Его голос звучал тяжело, устало, и она вдруг представила, как Джейк, словно Атлас[20], держит их всех на своих широких плечах, согнувшись почти вдвое. Опираясь на свою веру и стараясь не показывать, как нелегко ему нести это бремя. Жаль, что он не всегда рядом, чтобы защитить ее, как медведь, большой и сильный. Ей захотелось обнять его, хотя она не была уверена, кто кого станет утешать; да и в любом случае она знала, что он отодвинет ее в сторону, мягко, твердо, и она почувствует себя полной идиоткой. Вместо этого она кивнула, когда он назвал ей время и место похорон. Пообещала, что придет. И еще раз пообещала, что попробует.
Глава двадцать вторая
Середина летних каникул, и в парке полно детей. На западе небо темнело. К вечеру оно расколется, и без грозы не обойдется. Кэсси чувствовала ее приближение по своим ноющим зубам и затрудненному дыханию. Дети визжали, но душный воздух приглушал их непосредственную первозданность. Тяжелые тучи висели над их пронзительными играми; когда смех переходил в истерику, для вынесения приговоров и утешения призывались родители.
Сидя на скамейке между качелями и лесенкой для лазания, Кэсси не переставала вглядываться в бегущую, брыкающуюся, взбирающуюся массу детей, высматривая Эллу и Финна. Она была в «Хорошем парке», где они так любили гулять. Где они любили гулять раньше. Приоритетная зона обслуживания привлекала респектабельные семьи и часто посещалась туристами. В отличие от небольших клочков зеленых насаждений рядом с домом, где находилась квартира Мэг, где полно собачьего дерьма, иголок, битого стекла, здесь были аккуратные лужайки и ухоженные клумбы. Цепи качелей не покрывала ржавчина, карусель плавно крутилась вокруг своей оси, поэтому именно сюда, хотя и далеко от их дома, особенно для Эллы, Кэсси обычно приводила детей, давая Мэг небольшую передышку. Элла обычно просила, чтобы ее несли, умоляла, уговаривала, ныла, и в конце концов Кэсси сдавалась, потому что Элле было всего три годика, и ножки у нее еще короткие для такой долгой пешей прогулки. Тогда начинал жаловаться Финн. И она отвечала, что ему уже пять, а значит, он достаточно взрослый, чтобы идти своими ногами, но он все равно хныкал, а она отвлекала его рассказом о нем самом. И так они добирались в «Хороший парк» и обратно.
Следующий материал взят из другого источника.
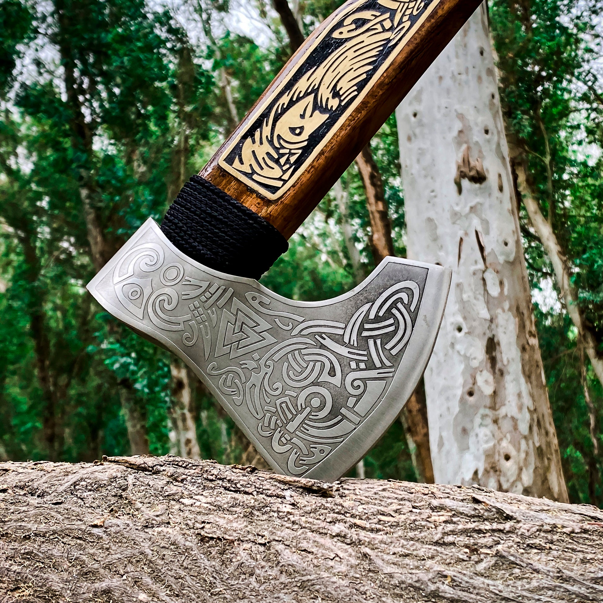 3. Unique Drawing of Odin and His Ravens: Adorned with a one-of-a-kind drawing of Odin "Allfather" and his faithful ravens, Huggin and Munnin, this axe is a visual masterpiece. The intricate design adds a touch of authenticity and mythological allure.

Теперь Элле уже исполнилось пять лет, а Финну – почти семь. Оба достаточно взрослые для пеших прогулок. За последний год Кэсси несколько раз видела их здесь. Она всегда держалась вдалеке, защищая себя от безразличия Мэг, а детей – от собственного легкомыслия.
Они часто приходили сюда, но сегодня их не видно.
Если забыть, что Кэсси сидит здесь уже пять часов, ее можно принять за мамочку, урвавшую десять минут для себя, пока дети носились по площадке. За это время она пропустила похороны Эйприл. Но туда пришло бы много знакомых, да и сидеть в парке, дожидаясь появления племянников, было более важным делом. Жаль только, что не сдержала обещание, данное Джейку.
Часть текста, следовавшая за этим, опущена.